An ancient landscape near Upernavik, Greenland. Rocks on these highland surfaces are crumbly, break into sheets and show little evidence of glacial erosion.
A Greenland landscape carved when humans first conquered fire has been protected from erosion ever since by "ghost glaciers," a new study finds.
In central northwestern Greenland, near Baffin Bay, the island's ice sheet advanced and retreated many times in the past 800,000 years. But the local highlands were never scoured by ice as other areas were.
"These ghost glaciers come and go, and leave very little evidence of their presence," said lead study author Lee Corbett, who conducted the research as a master's student at the University of Vermont in Burlington.
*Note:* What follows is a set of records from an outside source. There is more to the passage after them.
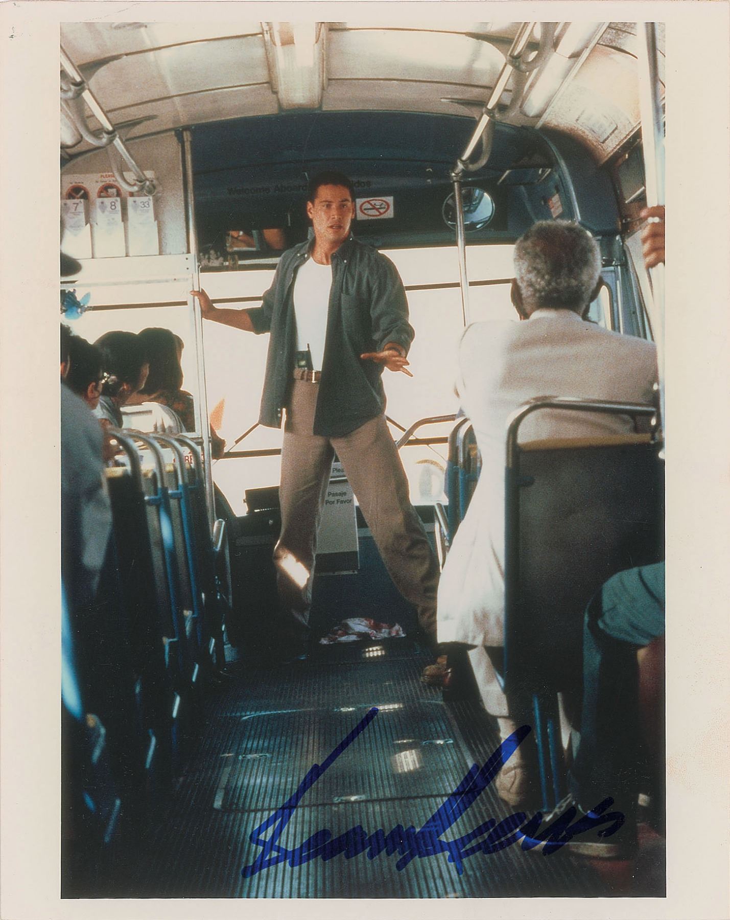 Color glossy 8 x 10 full-length photo of Keanu Reeves as heroic cop Jack Traven from the 1994 action flick Speed, signed in blue felt tip. In fine condition.
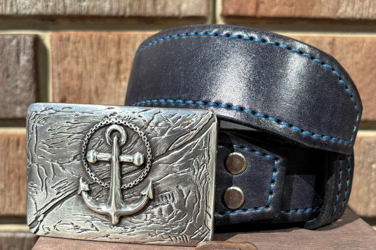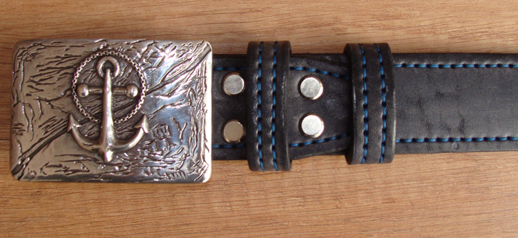 Края ременного полотна обработаны Tokonole и заполированы воском Columbus Прошиты вощеной плоской нитью Galaces 1 мм, что увеличивает срок службы и прочность ремня.
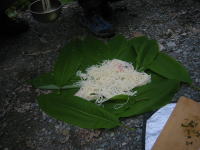 ゆであがったそうめんは地面の上の葉っぱに盛られました。
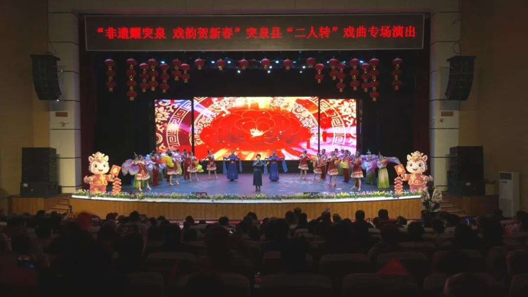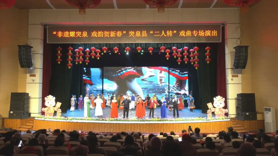 3月1日晚,“非遗耀突泉 戏韵贺新春”突泉县二人转戏曲专场演出在县青少年活动中心热闹开演。整场演出共16个精品节目,集结全县优秀文艺力量,以群众喜闻乐见的非遗戏曲为载体,唱响家乡赞歌、传承传统文化,为广大群众送上一场年味十足、戏韵浓厚的文化好戏。
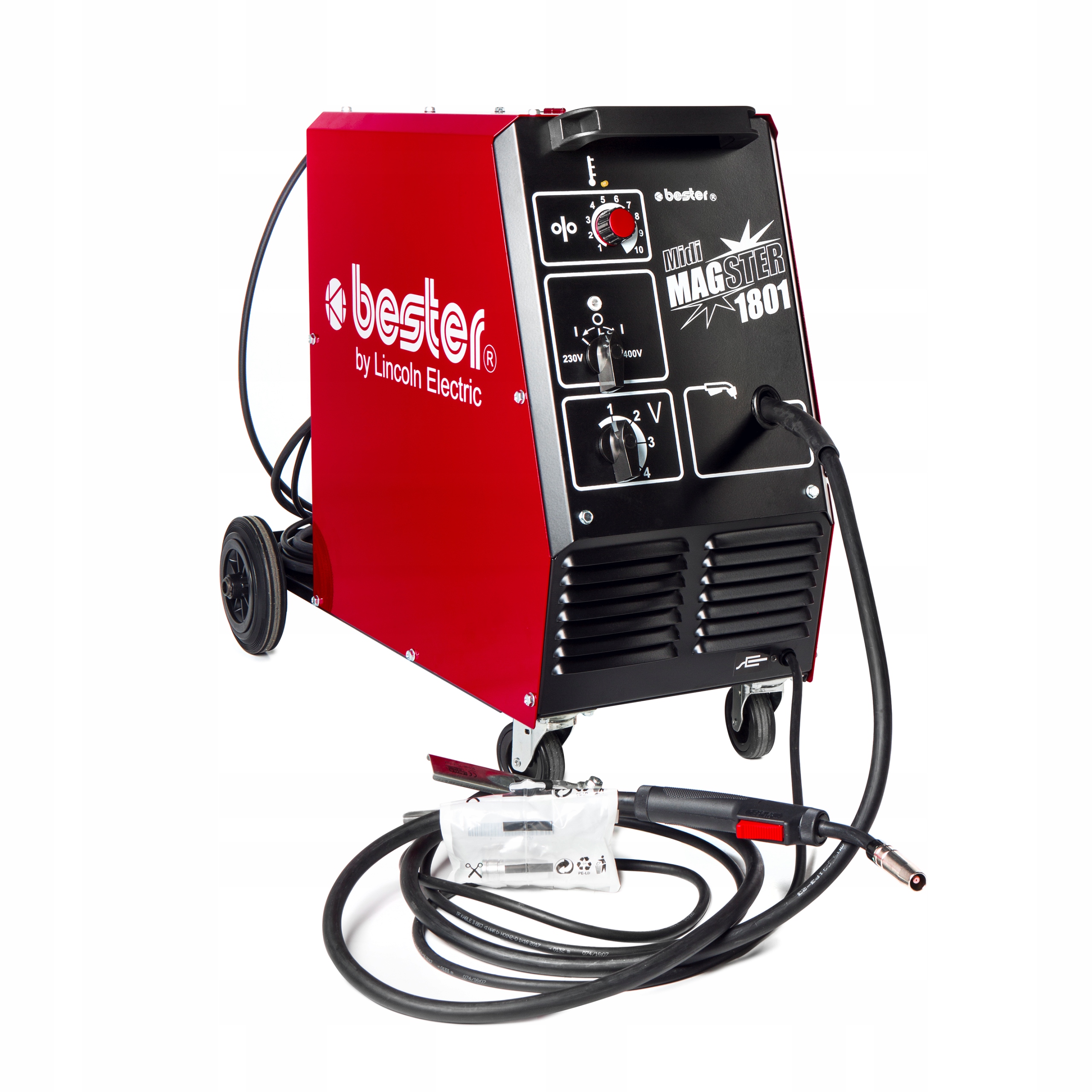 - сварочный аппарат Bester Midimagster 1801 (с сварочным патроном, массовым патроном, силовыми проводами подключается на 400 В и штекером на 230 В)
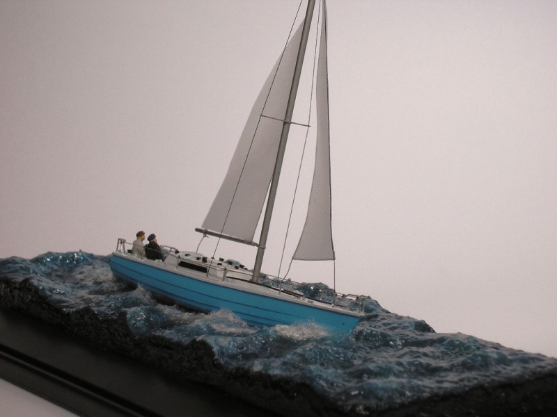Thank you mates for your nice comments. Unfortunately I can’t take any more photos, the model  was a commission work and it is already in the collectors display cabinet! Concerning the sea ,I did not use any “exotic” material. I always have as a base a Styrofoam piece. For the waves    I use air dry clay which I roughen it with an old brush. I like to work with simple acrylics to paint the sea and to give the transparency with acrylic gel. The secret in the gel is making a lot of layers and sometimes to paint between them lighter tones of your basic sea color. For the white water  the combination of cotton with acrylic gloss medium is the better solution. If the sea is calm sometimes I use transparent resin for the final layer.
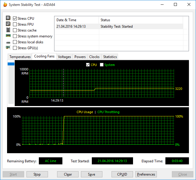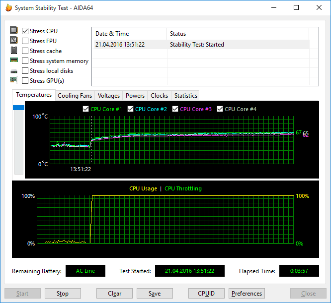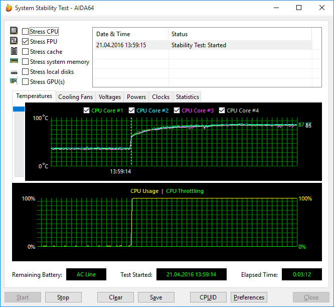 | Тест | Мощность процессора, Вт | Максимальная температура, °С | Загрузка процессора, % |
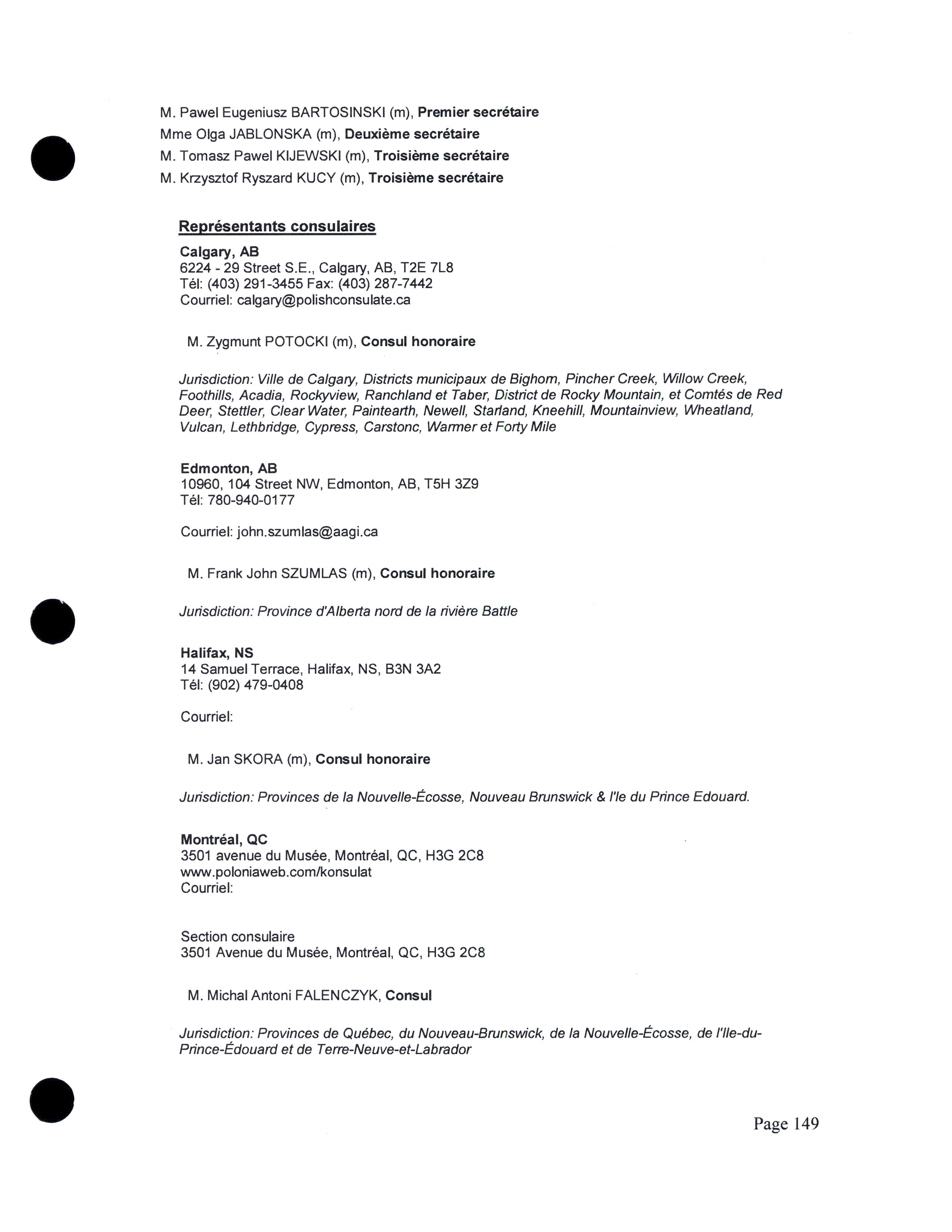 Représentants diplomatiques, consularies, et autres au Canada.
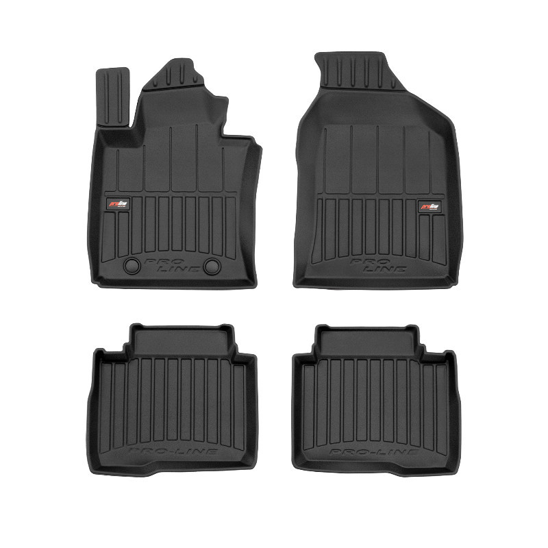 Guminiai ProLine 3D kilimėliai: (aukštos kokybės plastiko, gumos mišinys / TPE, komplektas - 3vnt., juodi, krašto aukštis 7 cm, montavimo būdas - spaustukai). AUTOMOBILIŲ KILIMĖLIAI FROGUM 3D PROLINE LUXURY • Dėl naujoviškos 3D skenavimo technologijos atitinka idealiai; • Kraštai papildomai apsaugoti – aukštis 7 cm, visada švarus automobilis; • Itin patvari medžiaga su unikalia neslystančia struktūra, atspari nešvarumams. • Išskirtinis stabilumas dėl spaustukų – lengvai montuojama spustelėjus; • Pakojo zonos apsauga – komfortas, leidžiantis nuleisti vairuotojo koją; 3D ProLine aukštos kokybės guminiai kilimėliai padeda išlaikyti automobilį švarų. Modernus ir funkcionalus dizainas, ir ypač aukštas kraštas garantuoja efektyvų vandens ir purvo surinkimą ir neleidžia jiems išbėgti. Taip automobilio salonas išlieka švarus. Pagaminti iš aukštos kokybės gumos, kurioje nėra toksiškų komponentų. Bekvapis. Kilimėliai idealiai atitinka ir puikiai priglunda prie salono grindų. Guminiai kilimėliai išlaiko savo elastingumą net esant temperatūros pokyčiams. Specialus paviršius neleidžia kilimėliams slysti vairuojant, o tai daro didelę įtaką saugumui ir kelionės patogumui
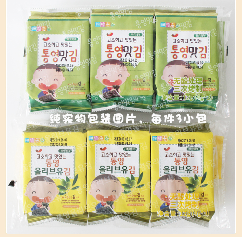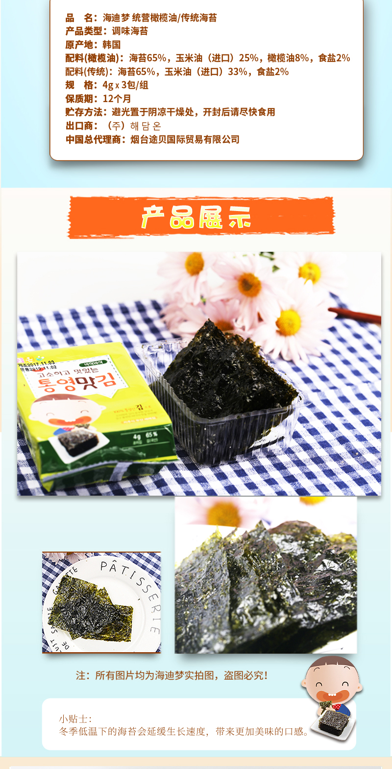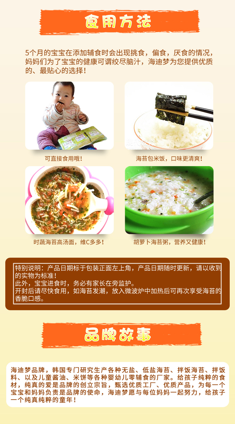 韩国进口宝宝海苔海迪梦儿童即食零辅食拌饭紫菜钠含量低3小袋
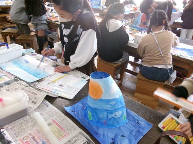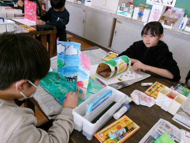 3月9日 3年2組3・4時間目の授業は、図工「立ち上がった絵の世界」でした。
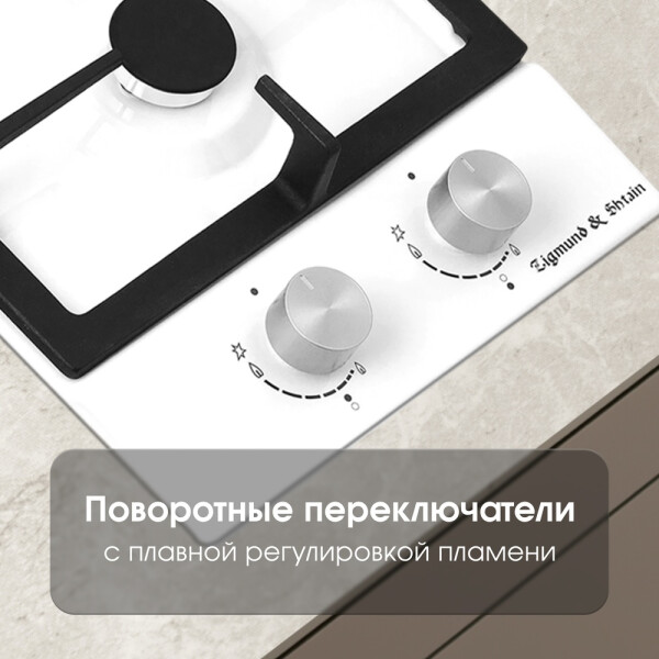 Встраиваемая газовая варочная панель Zigmund & Shtain G 14.3 W - это строгий простой дизайн с чугунной решеткой, будет смотреться уместно в интерьере любой современной кухни, а подключается она как к магистральному, так и к баллонному газу.
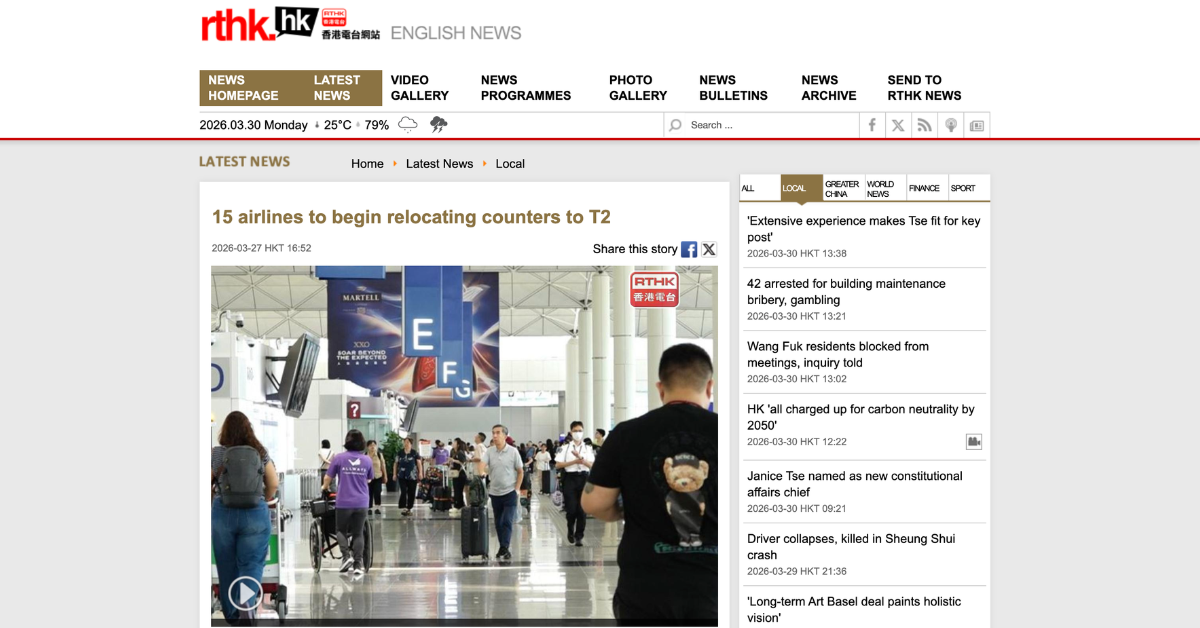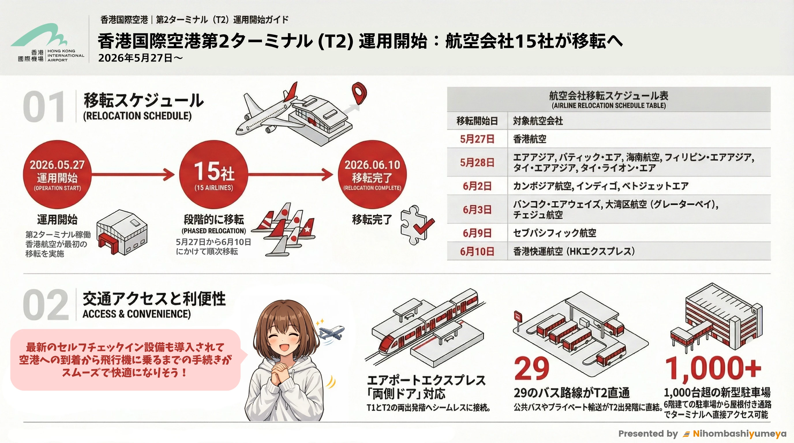 これに伴い、香港航空・グレーターベイ航空・香港エクスプレスを含む15の航空会社が、チェックインカウンターを第1ターミナル(T1)から第2ターミナル(T2)へ段階的に移転します。移転作業は夏の旅行ピーク前の2026年6月10日までに完了する予定です。

The findings were published July 23 in the Geological Society of America Bulletin.
"There are indications that these rocks have been exposed and buried for many Ice Age cycles, (but) when the ice advanced over this area, it was essentially frozen to the bedrock below. It's not eroding or shaping the landscape," Corbett, now a doctoral student at Dartmouth College in New Hampshire, told LiveScience's OurAmazingPlanet.
The study is part of a broader effort to look at past changes in the Greenland Ice Sheet. "Trying to understand times when the ice sheet was bigger or smaller will be really helpful for scientists to figure out where we're going in the future with Greenland ice loss," Corbett said. [Image Gallery: Greenland's Melting Glaciers]
Greenland's bedrock is already ancient. Near Upernavik, the town closest to the study sites, areas of ice-free coastline reveal metamorphic rocks up to 2 billion years old.
Highlands near Upernavik, Greenland, are surfaces up to 800,000 years old that are protected by "ghost glaciers."
Corbett and her colleagues measured the age of the landscape by counting isotopes of beryllium-10 and aluminum-26 in minerals of quartz — a method called cosmogenic nuclide dating. The isotopes (versions of elements with different numbers of neutrons) form when cosmic rays strike oxygen and argon, respectively, inside rocks exposed at the surface. A bounty of isotopes means the rocks were at the surface for a long time, whereas fewer isotopes hint that erosion stripped away rocks from the surface.
In the fjords — deep, glacier-carved canyons — the ground was about 11,300 years old, about the same time as Earth's last big glacial melt. But the windy highlands were archaic. Based on ratios of isotopes in the landscape, compared with boulders left behind by earlier glaciers, the researchers discovered the surface was buried and exposed at least eight times, Corbett said. The landscape could be at least 800,000 years old, she said.
"The ancient landscapes that have been preserved beneath these ghost glaciers might even be a million years old," Corbett said.
The team suspects that climate and elevation combined to prevent local glaciers or heavy snow from abrading the highlands. Though ice is one of the most powerful erosive forces on the planet, glaciers need water's slip-sliding help to grind across mountains. In particularly cold or high-altitude spots, glaciers may freeze in place instead of melting at their bottoms.
Researchers have also found cold, protective glaciers in mountain ranges, including the Alps and the Andes. Ice helps protect high points on Mont Blanc's French slope, a study published in June in the journal Earth and Planetary Science Letters suggested. In addition, a 2010 study published in the journal Nature showed cold-bottomed glaciers in Patagonia help shield the Andes' jagged peaks.
To a geologist's eye, the Greenland landscape simply looks old, Corbett said. "Even before I dated these rocks, standing on the land surface, it was all crumbly and falling apart," she explained. "The rocks are breaking off into sheets, and there are weathering pits on the surface. It's obviously a landscape that has experienced a much longer duration on the Earth's surface. It's a gorgeous landscape."